PSI edits → CodeAtlasPsiChangeListener (1s coalescing window, coroutine channel) → IndexService.onFileChanged(vfile)IndexBuilder.extractAndEmbedForFile → swap that file's chunks atomically under lock → flush the whole index to PersistentCache. The cache is rewritten in full each time; there is no delta format.

Retrieval scoring

Retriever always pulls max(limit*3, 50) candidates from VectorStore.topK before re-ranking. Final score in ScoringSignals is a fixed-weight linear combination of cosine similarity, identifier substring match, kind/intent fit, doc-presence, and an optional stub-index boost (StubIndexSignal checks the IDE stub index for FQN matches against query tokens). Weights are plain consts — no learning. Tune them against a hand-labeled eval set.
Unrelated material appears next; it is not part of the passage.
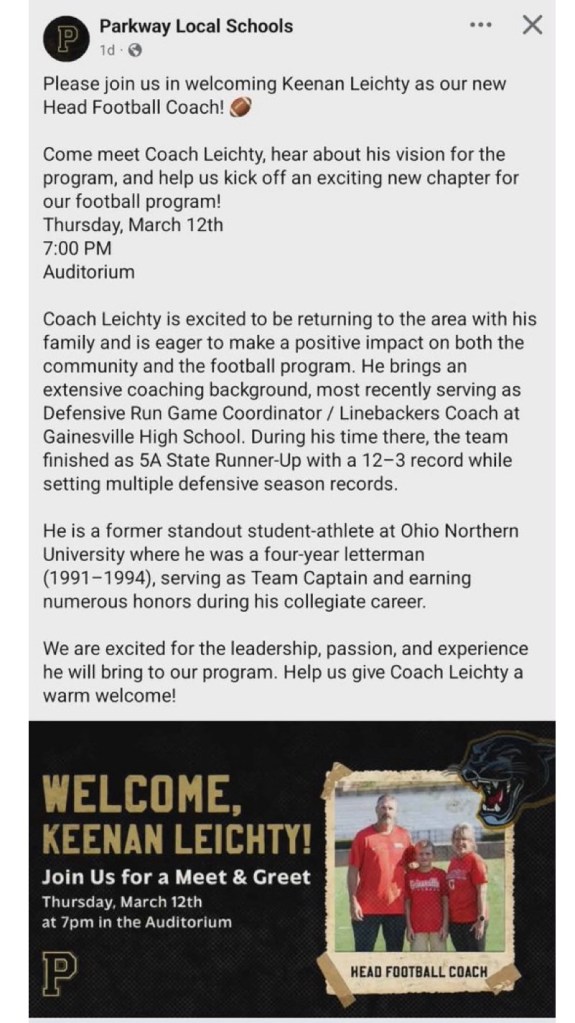 (3-8-26) Parkway announced today on social media that Keenan Leichty has been hired as the new head football coach.

RAG path (active, post-Phase-1)

Tool window's "Ask" button → IndexService.search(query, ANSWER_TOP_K=8)KoogAnswerGenerator.generate streams AnswerToken.Delta/Done/Error. Provider is resolved per-call from CodeAtlasSettingsService.resolveProvider() and is not cached (the API key lives in memory only for the duration of one answer). Errors are redacted before reaching the UI.

Secret storage

API keys (Anthropic, OpenAI) live in IntelliJ's PasswordSafe, never in codeAtlas.xml. Non-secret settings (provider choice, model id, Ollama endpoint, includeTestSources, cacheDirOverride) are in SerializablePersistentStateComponent. When adding a new credential, mirror the getApiKey/setApiKey pattern in CodeAtlasSettingsService.

Threading contract

  • PSI/VFS reads → wrap in ReadAction.run / ReadAction.compute (see IndexBuilder.collectSourceFiles and KoogAnswerGenerator.resolveSources).
  • Long indexing → Task.Backgroundable + ProgressIndicator, driven by requestFullIndex().
  • UI updates from background coroutines → SwingUtilities.invokeLater.
  • Each tool window owns a SupervisorJob scope cancelled on dispose. Search and Ask jobs cancel the previous in-flight job before starting — never queue stale work.
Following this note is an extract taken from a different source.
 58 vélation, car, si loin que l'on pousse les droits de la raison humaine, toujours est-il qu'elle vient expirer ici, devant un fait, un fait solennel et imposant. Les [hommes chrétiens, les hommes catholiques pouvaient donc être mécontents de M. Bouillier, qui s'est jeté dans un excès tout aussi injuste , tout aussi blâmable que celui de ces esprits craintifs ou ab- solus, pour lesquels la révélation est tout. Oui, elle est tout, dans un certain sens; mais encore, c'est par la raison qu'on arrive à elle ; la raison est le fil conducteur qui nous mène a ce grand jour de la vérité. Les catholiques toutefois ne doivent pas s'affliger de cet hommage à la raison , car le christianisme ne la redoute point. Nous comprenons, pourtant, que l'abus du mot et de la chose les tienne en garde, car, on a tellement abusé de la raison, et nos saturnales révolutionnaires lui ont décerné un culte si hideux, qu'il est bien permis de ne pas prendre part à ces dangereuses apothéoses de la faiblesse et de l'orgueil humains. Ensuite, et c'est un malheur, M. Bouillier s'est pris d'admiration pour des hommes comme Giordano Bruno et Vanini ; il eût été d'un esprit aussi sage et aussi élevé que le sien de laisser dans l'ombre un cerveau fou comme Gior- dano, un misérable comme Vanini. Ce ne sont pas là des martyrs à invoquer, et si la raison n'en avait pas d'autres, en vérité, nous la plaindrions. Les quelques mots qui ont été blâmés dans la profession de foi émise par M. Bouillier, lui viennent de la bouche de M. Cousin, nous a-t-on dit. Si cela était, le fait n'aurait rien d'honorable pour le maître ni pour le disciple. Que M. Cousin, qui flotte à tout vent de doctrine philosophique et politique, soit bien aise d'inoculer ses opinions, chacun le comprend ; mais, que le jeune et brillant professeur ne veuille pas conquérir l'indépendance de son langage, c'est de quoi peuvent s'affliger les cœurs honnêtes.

Files where the architecture is enforced

  • index/CodeAtlasIndexService.kt — ownership of state, lock discipline, message-bus publishing.
  • index/IndexBuilder.ktProjectFileIndex.iterateContent walk, batch embedding (size 16), ReadAction boundaries.
  • index/PersistentCache.kt — binary cache format; bump SCHEMA_VERSION if CodeChunk shape changes.
  • language/LanguageAdapters.kt — registry; new language = add one entry here plus a LanguageAdapter impl.
  • search/Retriever.kt + search/ScoringSignals.kt — the candidate pool sizing and weight constants.
  • rag/KoogAnswerGenerator.kt — stream contract, error redaction, LLMClient lifetime.
  • settings/CodeAtlasSettingsService.kt — split between XML state and PasswordSafe.

When in doubt

  • Editing PSI/index code — re-read index/CodeAtlasIndexService.kt for the lock+publish discipline; don't touch chunks/vectors outside synchronized(lock).
  • Adding a setting — add it to SettingsState, expose a typed var getter/setter on the service, and surface it in CodeAtlasSettingsConfigurable. Use PasswordSafe if it's a secret.
  • Adding a new embedding model — bump modelId (cache will invalidate). If output dim changes, also rebuild every cache by changing SCHEMA_VERSION.
  • Adding a new language — implement LanguageAdapter, register in LanguageAdapters.kt, add a fixture test under language/ modeled on KotlinLanguageAdapterTest.kt.